That means that people come together very naturally and make and listen to music together while using the same musical language, often without ever having met before. Here there was the work of an Italian composer, printed in Germany, performed in Romania featuring a Croatian pianist. Music is a form of expression where various people can both „talk” at the same time without annoying each other. We also listen together, in music. If politicians would also be musicians, we’d all be much better off, they would be able to listen to each other, find harmony and stimulate each other. Music is a beautiful paradigm. In an orchestra there are people with very different specialisations, they have studied in different places and manners, yet they all play together with synchronicity and harmony.
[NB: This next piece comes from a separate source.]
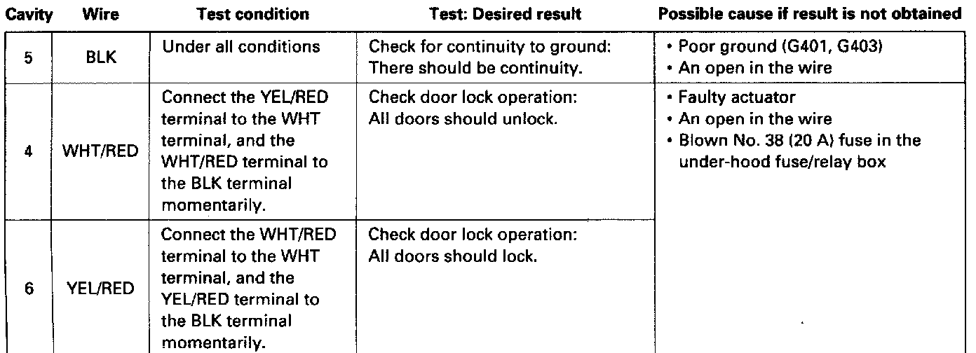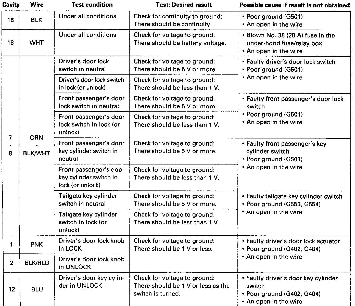 Control Unit Input Test (Without Keyless Entry)1. Remove the driver's door panel (see section 20).

What treatment would you recommend for those still wary if not downright scared of classical music, often times more out of a prejudice than actual fear or trauma?

First, I’d drop the adjective `contemporary`. I am a classical music composer, that’s it. Mozart too was a “contemporary classical music composer” at his time. Then, there’s something I always do when making the repertoire for concerts: I combine contemporary pieces with ones from the past. That’s how it’s always been done until the 1900s. Creating enclosures or sanctuaries for living composers is not great. Artistic directors just need to become aware of how much new good music there is and have the curiosity and courage to discover it.

For those who haven’t tasted your music yet, which composition would you suggest they start with?

Well, “R – A portrait for piano and orchestra” would be a good one because it has this story behind it which can maybe also stimulate the imagination. You can find on Youtube the beautiful performance of Lilya Zilberstein. My invitation, though, remains mainly that people come to listen to live music performances. Those are the best.